BEGIN MATERIAL FOR THIS EXERCISE

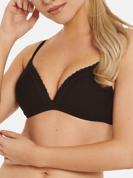 Reggiseno Young con coppe in schiuma dal taglio a triangolo, senza ferretto per un comfort ottimale. Fine pizzo decorativo vintage lungo le coppe. Morbido al tatto all'interno delle coppe. La fascia di chiusura e le spalline sono regolabili e più larghe nelle taglie più grandi. Delicato intimo in cotone, indispensabile per chi preferisce i materiali naturali. Un modello morbido, semplice e allo stesso tempo femminile, ideale per essere indossato tutti i giorni. Le raffinate rifiniture in pizzo richiamano i dettagli romantici del vintage. Minimalista, naturale e pratico.
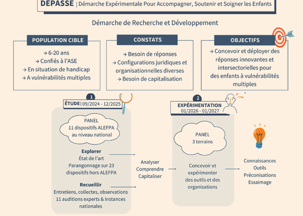 Publié le 12 mars 2026, un rapport de 300 pages vient clôturer la première phase de ce projet, qui sera suivie d'une deuxième phase plus expérimentale. Ces enfants à la croisée des sphères du médico-social et de la protection de l'enfance peuvent "mettre en difficulté les équipes et les institutions" et il n'y a "pas de consensus sur la bonne réponse" à leur apporter, a expliqué Elsa Kowalczuk, qui pilote le projet Dépasse à l'Alefpa, ce 12 mars lors d'une conférence de presse. En partant du terrain et notamment d'initiatives intéressantes, ce projet vise non pas à trouver "un modèle unique qu'il faudrait dupliquer", mais plutôt à identifier des "invariants, ce qui peut aider ou ce qui peut fragiliser la construction des réponses", a ajouté Elsa Kowalczuk. Cela en adoptant une "approche globale et décloisonnée, sans choisir un camp social ou un camp médico-social".
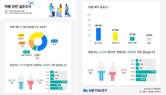 10~60대 남녀 600명 중 38%는 ‘숙소가 가장 중요’…그 다음으로 관광지, 식사, 체험활동 등
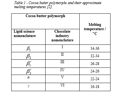 Cocoa butter has a complex crystallization behavior and six identified polymorphs (crystal forms, Table 1). Each of these polymorphs have characteristic melting points and distinct crystal patterns associated with them. To manufacture good quality chocolate, it is essential to induce the formation and stabilization of the β2 polymorph, and this requires controlled crystallization during production. Under-tempered chocolate shows a characteristic 1 β ʹ polymorph and when the crystals transform from 1 β ʹ to 2 β ʹ, a transformation polymorph β1 occurs, which is associated with fat bloom. The metastable γ and α phases and the more stable β ʹphases can crystallize directly from the melt, but the desired β2 form can only be obtained by phase transforming the β ʹ form.
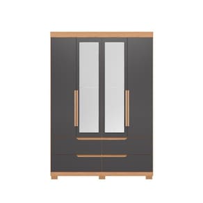 Feito em MDP.Possui detalhes nas portas laterais com acabamento ripado, 4 gavetas com corrediça telescópicas, 4 portas, 2 cabideiros e 10 prateleiras
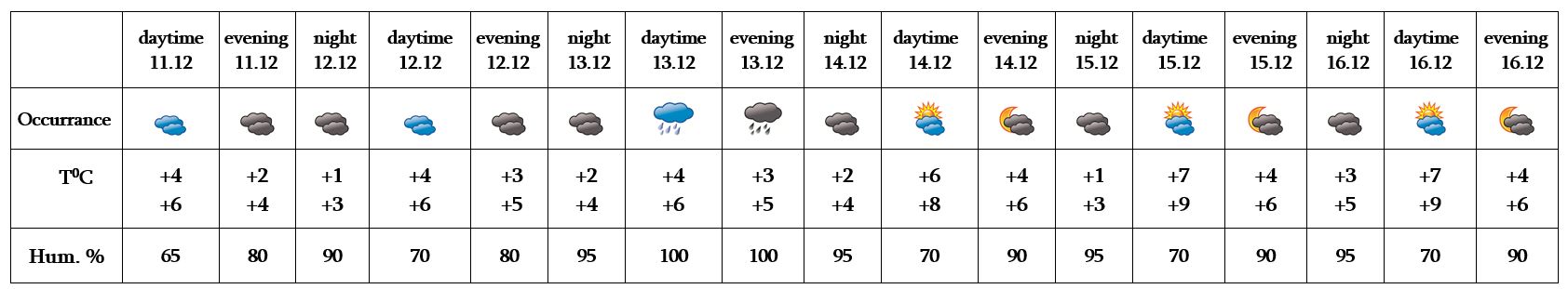 In the daytime of December 11, on 12, at night of 13, on 14-16 no precipitation is predicted. In the daytime of December 13 rain and fog is predicted.
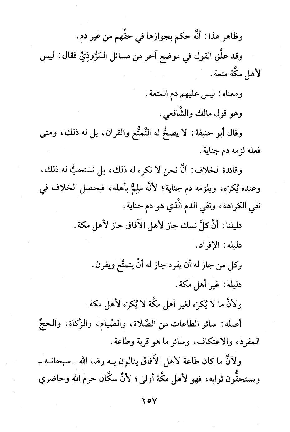 وقد علق القول في موضع آخر من مسائل المروذي فقال: ليس لأهل مكة متعة.
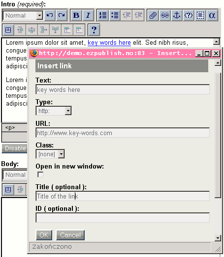 The eZ Online Editor provides an interface for adding keywords within anchor (<a>) tags.
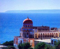 "Attiguo a casa sua stava un palazzo moresco, denunciato dal salmastro, orientale, come un riflesso sbiadito. Scrostato sotto le volte degli archi e sulle cupole. Abitato l'inverno da Cristiani comodi che nell'estate pagana cedevano le due ali sul mare per non morire di fame. Proclamato la fine lo stato d'assedio, quel palazzo sarebbe diventato il quartier generale dei Turchi che di tra le viole del cielo assolato avevano ammainato le mezzelune."
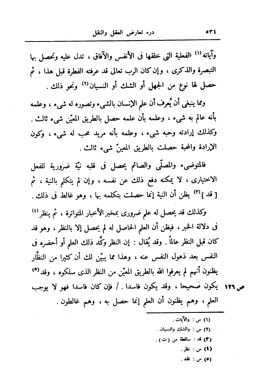 وكذلك قد يحصل له علم ضروري بمخبر الأخبار المتواترة، ثم ينظر في دلالة الخبر، فيظن أن العلم الحاصل له لم يحصل إلا بالنظر، وهو قد كان قبل النظر عالماً.

END MATERIAL FOR THIS EXERCISE

DIRECTIONS | Each record above should be restated word for word. The pictures should not appear.

ANSWER FOR THIS EXERCISE |
 Reggiseno Young con coppe in schiuma dal taglio a triangolo, senza ferretto per un comfort ottimale. Fine pizzo decorativo vintage lungo le coppe. Morbido al tatto all'interno delle coppe. La fascia di chiusura e le spalline sono regolabili e più larghe nelle taglie più grandi. Delicato intimo in cotone, indispensabile per chi preferisce i materiali naturali. Un modello morbido, semplice e allo stesso tempo femminile, ideale per essere indossato tutti i giorni. Le raffinate rifiniture in pizzo richiamano i dettagli romantici del vintage. Minimalista, naturale e pratico.
 Publié le 12 mars 2026, un rapport de 300 pages vient clôturer la première phase de ce projet, qui sera suivie d'une deuxième phase plus expérimentale. Ces enfants à la croisée des sphères du médico-social et de la protection de l'enfance peuvent "mettre en difficulté les équipes et les institutions" et il n'y a "pas de consensus sur la bonne réponse" à leur apporter, a expliqué Elsa Kowalczuk, qui pilote le projet Dépasse à l'Alefpa, ce 12 mars lors d'une conférence de presse. En partant du terrain et notamment d'initiatives intéressantes, ce projet vise non pas à trouver "un modèle unique qu'il faudrait dupliquer", mais plutôt à identifier des "invariants, ce qui peut aider ou ce qui peut fragiliser la construction des réponses", a ajouté Elsa Kowalczuk. Cela en adoptant une "approche globale et décloisonnée, sans choisir un camp social ou un camp médico-social".
 10~60대 남녀 600명 중 38%는 ‘숙소가 가장 중요’…그 다음으로 관광지, 식사, 체험활동 등
 Cocoa butter has a complex crystallization behavior and six identified polymorphs (crystal forms, Table 1). Each of these polymorphs have characteristic melting points and distinct crystal patterns associated with them. To manufacture good quality chocolate, it is essential to induce the formation and stabilization of the β2 polymorph, and this requires controlled crystallization during production. Under-tempered chocolate shows a characteristic 1 β ʹ polymorph and when the crystals transform from 1 β ʹ to 2 β ʹ, a transformation polymorph β1 occurs, which is associated with fat bloom. The metastable γ and α phases and the more stable β ʹphases can crystallize directly from the melt, but the desired β2 form can only be obtained by phase transforming the β ʹ form.
 Feito em MDP.Possui detalhes nas portas laterais com acabamento ripado, 4 gavetas com corrediça telescópicas, 4 portas, 2 cabideiros e 10 prateleiras
 In the daytime of December 11, on 12, at night of 13, on 14-16 no precipitation is predicted. In the daytime of December 13 rain and fog is predicted.
 وقد علق القول في موضع آخر من مسائل المروذي فقال: ليس لأهل مكة متعة.
 The eZ Online Editor provides an interface for adding keywords within anchor (<a>) tags.
 "Attiguo a casa sua stava un palazzo moresco, denunciato dal salmastro, orientale, come un riflesso sbiadito. Scrostato sotto le volte degli archi e sulle cupole. Abitato l'inverno da Cristiani comodi che nell'estate pagana cedevano le due ali sul mare per non morire di fame. Proclamato la fine lo stato d'assedio, quel palazzo sarebbe diventato il quartier generale dei Turchi che di tra le viole del cielo assolato avevano ammainato le mezzelune."
 وكذلك قد يحصل له علم ضروري بمخبر الأخبار المتواترة، ثم ينظر في دلالة الخبر، فيظن أن العلم الحاصل له لم يحصل إلا بالنظر، وهو قد كان قبل النظر عالماً.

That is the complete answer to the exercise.